六、シミ抜き
高校生の頃、放課後はよくショッピングモールに行っていた。田舎だったため、遊ぶところはそこくらいしかなく、自分以外にも同じ学校の生徒がよく出入りしていた。
一応は「勉強をする」という体で、フードコートに屯し、先生の愚痴や漠然とした将来についての話をよくしていた。

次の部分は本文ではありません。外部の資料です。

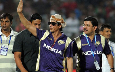 عملاق السينما الهندية شاروخان خلال إحدى مباريات الدوري الهندي للكريكت في 2011. أ٫ب
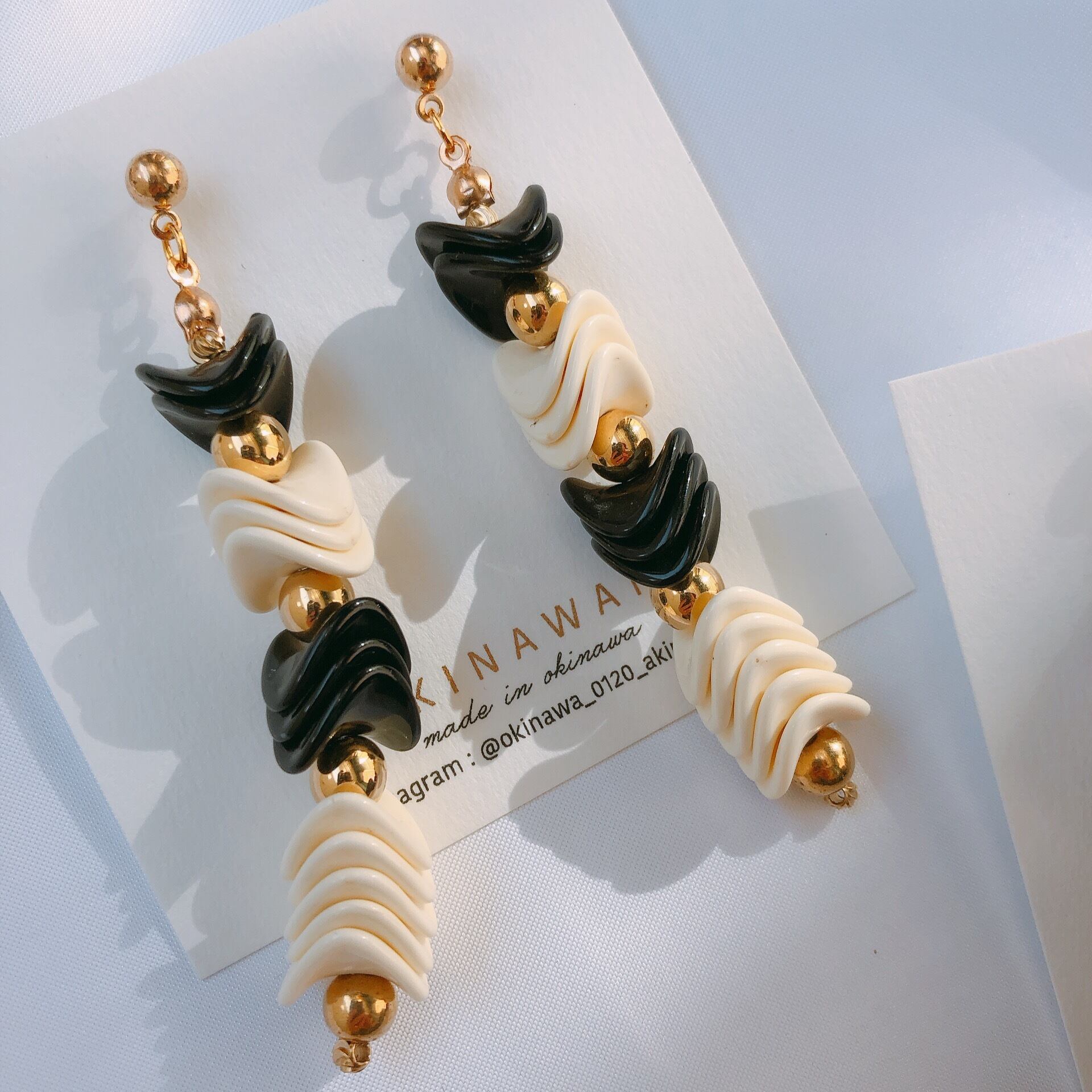 ホワイト×ブラックのピアスは何にでも合わせやすいです♡
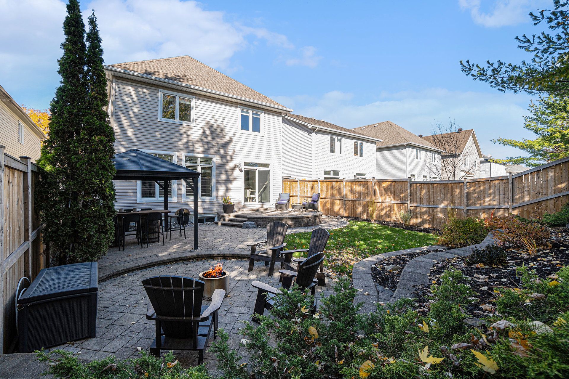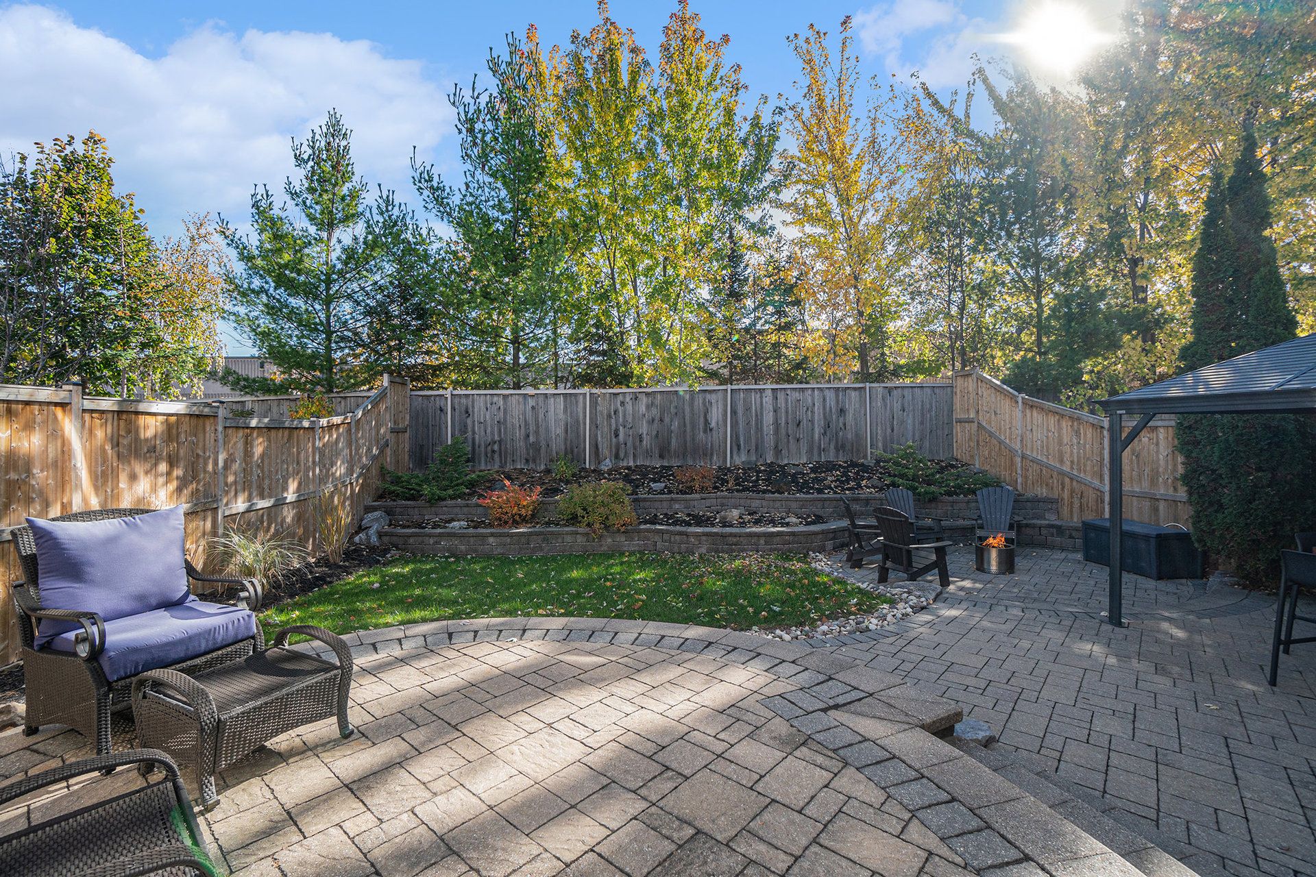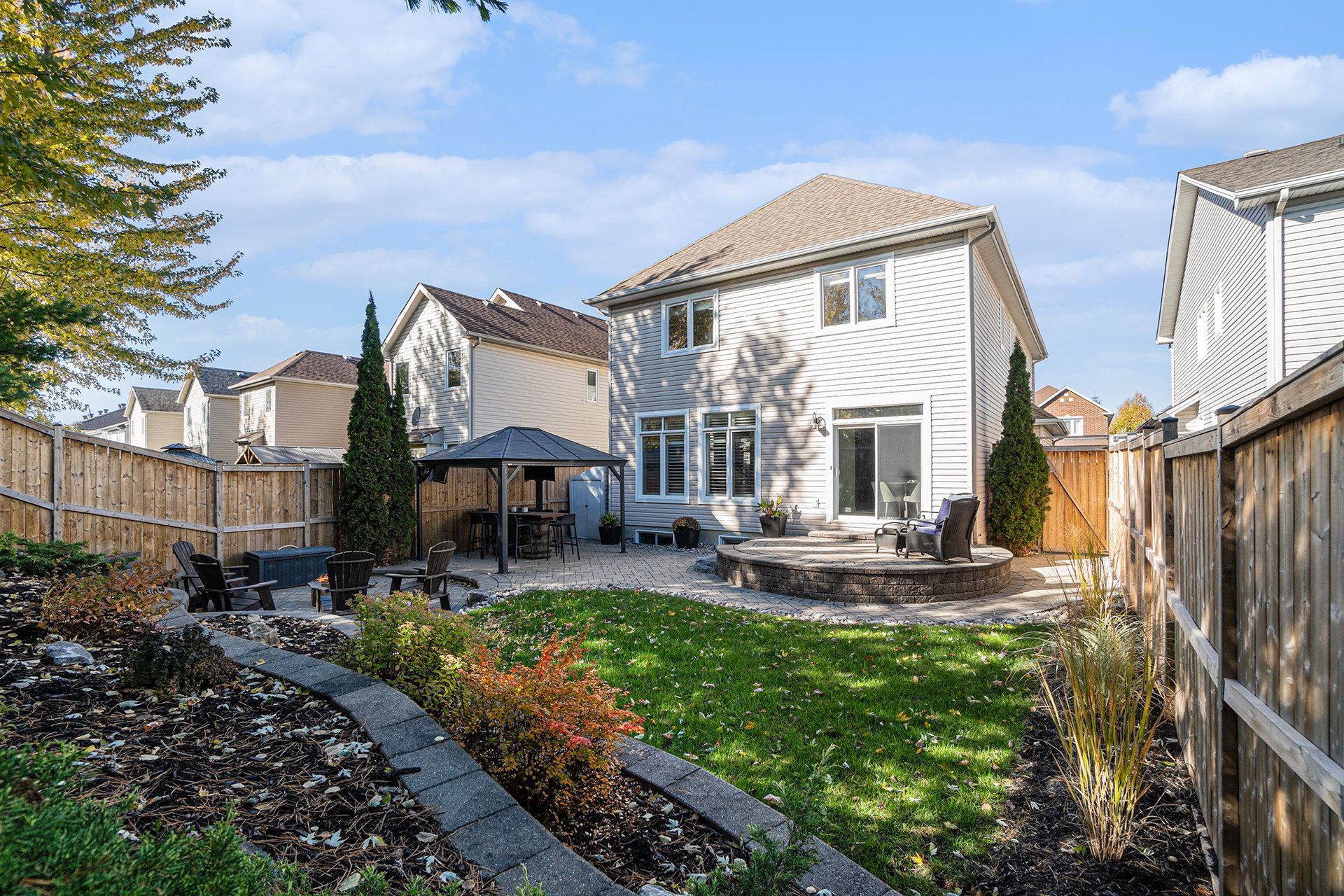 This exceptional 4-bedroom, 4-bathroom detached home stands out from every angle, offering a seamless blend of luxury, thoughtful design, and rare privacy with no rear neighbours. From the moment you arrive, the striking curb appeal makes a lasting impression, highlighted by a beautifully crafted stone walkway, high-end exterior lighting, and a covered front porch. Inside, a spacious foyer welcomes you with soft contemporary tones, rich dark hardwood floors, and refined finishes including crown moulding and california shutters throughout. The open-concept main level is designed for both comfort and style, featuring a stunning kitchen with deep-toned cabinetry, quartz countertops, a full wall of pantry storage, and a peninsula island with seating. A bright breakfast area provides direct access to the backyard. The living room offers a warm and inviting atmosphere, anchored by a custom stone fireplace wall with built-in shelving, and enhanced by smooth ceilings and pot lighting throughout. A well-appointed main-floor office offers dual workstations, ideal for productivity at home. Upstairs, the primary bedroom serves as a relaxing retreat with a cozy window bench, walk-in closet, and spa-inspired ensuite. Three additional bedrooms, a full bathroom, and a generous laundry room with built-in storage complete the upper level. The fully finished basement is designed for entertaining, featuring a 9-foot wet bar with a restaurant-style feel, commercial-grade draft beer fridge and bar fridge, a third full bathroom, and a spacious recreation area. Outdoors, the private backyard offers a peaceful escape with tiered landscaping and mature greenery. The patio features a gazebo-covered entertainment area with dedicated lounge space and a full electrical setup. Located in the desirable jackson trails community, this home is ideally situated close to catholic and public schools, parks, walking paths, shopping, and dining, with convenient access to highway 417.

家と学校の往復に使用する道と、ショッピングモールから家に帰る道というのは少し違い、ショッピングモールからなるべく早く帰る場合、必ず通らなければいけない高架下があった。
ある時、友人がその高架下についての話をした。
「あそこの高架下の壁に、なんか人の形みたいなシミがあるよな」
その日の帰り道に高架下を通ってみることにした。
友人が「ほらここ。これが頭でこう右腕が垂れてて」と指を差しながら説明を始めた。
なんとなく、小学生くらいの頃に空を見て「あの雲はゴリラっぽい」とかいう遊びに近いくらいのものだった。
頭のように丸みがあるシミから一連してだらんと垂らしたような右腕、ピンと上に伸ばしたような左腕、そしてしっかりと地面についている二本足、のようには見えた。
ただ、ほぼ毎日のようにこの道を通っていたのに気づかないくらい、「言われてみれば確かにそれっぽい」という程度のことだった。
ただ、そこから少しずつその高架下を通るたびにシミが気になっていた。
もはや定点観測のように通り抜けるたびに必ず眺めていた。
それから2か月後くらい経った頃。梅雨時期のせいか突如通り雨が降った日があった。
ショッピングセンターからの帰り道にその豪雨をもろに受け、なんとか雨宿りをしようとした際、ちょうどその高架下にたどり着いた。
高架下から今来た道を振り返ると、ドラマのシーンのような嘘くさいほどに大きい雨粒が地面に打ち付けられていた。
さてさて、今日のシミは?と恒例行事となった観察を始める。すると、心なしかいつもより人の形が黒くなっているように見えた。
雨水が垂れてきて、壁全体の色が黒くなっているからか、などとその時は思い、雨が上がるのを待ってから高架下を抜けた。
また別の日。いつものようにショッピングセンターからの帰り道。時刻は21時を回っていた。
高架下を通ろうとしたとき、ただならぬものが視界に映り、急いでブレーキをかけた。
壁からぬーっと顔を出そうと何かが蠢いていた。壁の中からシミが必死に出てこようとしている。
声を殺して引き返し、離れた場所から覗くようにして高架下を眺め続けると、頭のようなシミから真っ黒の顔、だらんと垂れた右腕、ピンと上に伸ばした左手、そして地面についた両足。そのすべてが壁から排出されたのだ。
クッキーなどを作るときに使う食品の型抜きのように、あのシミに沿って綺麗に人の形をした真っ黒なものが出てきた。
顔には目も鼻も耳もついていない。
のっぺらぼうのような真っ黒の顔は、辺りをきょろきょろと見渡すと、あの態勢のまま、こちらの方に歩いてきた。
必死に息を殺し、シミに追いかけられるような悪趣味な想像をしながらただ必死に、自転車を漕いだ。
あの日以来、どんなに遠回りをしてでもあの高架下は通っていない。もちろん誰にも話していない。
ただ、当時「あのシミ見えなくなったよね?誰かが清掃したりしたのかな」と友人は言っていた。